Elior answered with silence again, eyes narrowing. He darted forward, two blades striking in rhythm, one feinting high while the other sought an opening beneath Vincent's guard.
Vincent's parry was precise, his sword twisting the angles apart, forcing Elior back with sharp, efficient steps.
The assassin's dance continued. Strikes never fully committed, always a test.
They darted across the arena in silence, breath measured, movements sharp. Their fight was not about reckless blows but layers of deception. Every attack was a lure, every defense was a trap.
Vincent abruptly changed pace. He vanished into the side shadows of the arena, moving so lightly his boots hardly stirred dust.

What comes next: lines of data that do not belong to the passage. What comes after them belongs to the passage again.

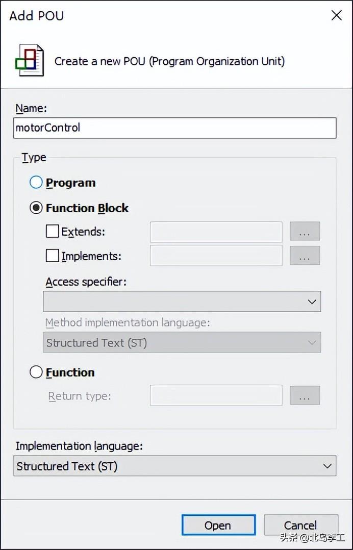 在弹出的“添加POU”对话框中,选择功能块(Function Block),命名为motorControl,编程语言选择ST语言,如下图所示:
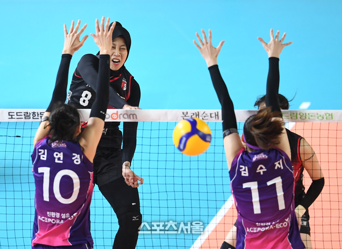정관장 메가(가운데)가 4일 대전 충무체육관에서 열린 2024-2025 V리그 여자부 흥국생명과의 챔피언결정전 3차전에서 스파이크 공격을 하고 있다. 2025. 4. 4.
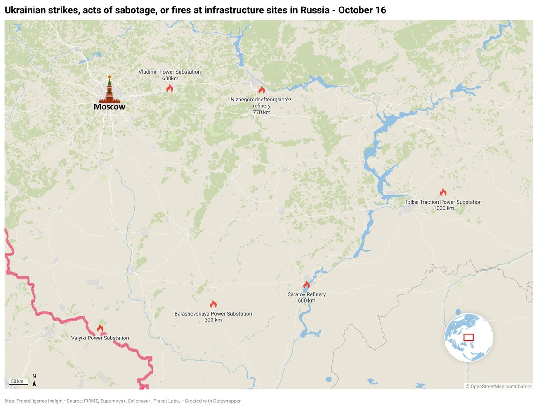 О главных событиях войны 16 октября — в предыдущей сводке: Российские командиры ведут «бездарную погоню за медалями» под Добропольем, налеты на НПЗ в Саратове и Кстово. Что происходит на фронте
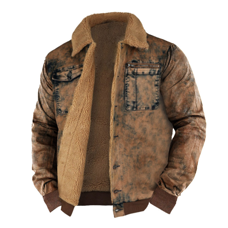 coats & jackets,мужская куртка винтажная с потертостями и карманами теплое толстое флисовое пальто
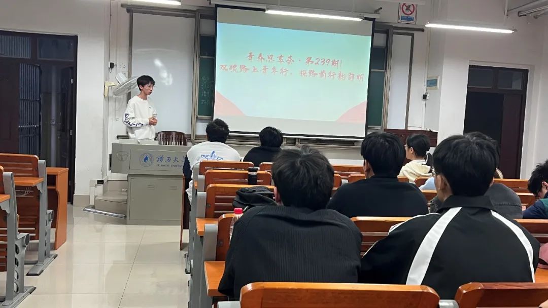 为深入学习贯彻习近平总书记关于碳达峰碳中和工作的重要论述,帮助青年学子理解习近平新时代中国特色社会主义思想对我国生态文明建设的重要影响,12月17日,我院在六教108教室开展了“‘碳’路青年,共筑未来”主题青春思享荟沙龙。本次活动由共青团广西大学委员会主办,学院团委承办,院学生会策划开展。 分享会上,与会成员深入学习了习近平总书记关于碳达峰碳中和工作的重要论述,并集体观看了“推动实现‘双碳’目标,书写绿色发展答卷”的新闻联播短片。大家认识到,党的十八大以来,以习近平同志为核心的党中央深刻把握生态文明建设在新时代中国特色社会主义事业中的重要地位和战略意义,创造性地提出一系列新理念新思想新战略,形成了习近平生态文明思想,为新时代生态文明建设、绿色低碳发展提供了根本遵循和行动指南。 本期青春思享荟紧密衔接学院团委“‘双碳’路上青年行,探路前行韵自明”主题团日活动。作为主题团日活动的参会学生代表,沈鑫同学结合自身的专业知识,分享了自己对“双碳”目标的理解,包括绿色电力、广西绿色发展目标等双碳相关知识。龚旭彪同学也分享了自己的心得,他呼吁大家从点滴做起,勇于创新,用所学专业知识助力能源转型和绿色发展,以实际行动展现青年的责任与担当,在“双碳”征程中彰显青春的价值。 沈鑫同学在分享参会心得 通过这次青春思享荟的深入交流与思想碰撞,同学们不仅增强了个人对生态文明建设和“双碳”目标重要性的认识,更激发了大家将理论知识转化为实际行动的决心与力量。青年是国家的未来,民族的希望,面对新时代赋予的使命与挑战,电气青年学子当以更加饱满的热情、更加坚定的信念,投身于生态文明建设的伟大实践中,用实际行动践行绿色发展理念,为构建美丽中国贡献青春力量。

Elior stilled, his daggers loose in his hands, waiting. He knew chasing carelessly meant death.
A whisper of fabric behind him. Elior pivoted instantly, blades crossing.
Sparks scattered as Vincent's sword slammed against his guard. The noble had tried for his back, but Elior's reflex caught it.
Still, the force pushed him off balance, sliding across the dirt.
Vincent's eyes glimmered with cruel delight. "You read me well. Better than I expected. But I've ended dozens like you. Precision always wins over desperation."
Elior steadied himself, chest rising and falling. His face betrayed nothing. He adjusted his grip on the daggers, angling them like fangs ready to strike.
Another rush.
Vincent's blade cut fast and close, elegant arcs meant to corner, not kill immediately.
Elior ducked low, countering with thrusts aimed at the pressure points of Vincent's arms.
Again, Vincent deflected, but he had to step back. For a moment his jacket sleeve tore, a shallow cut showing through.
Vincent glanced at the mark and chuckled. "Not bad. You bit me. Still, you'll need more than scratches."
Elior simply held his head, his silence saying more than words. He wasn't here to chatter. He was measuring. Waiting.
The air between them grew heavier. Every motion was calculation, every strike a coin toss between life and death.
They were predators, both aware one mistake would end it. The crowd's cheers blurred into nothing.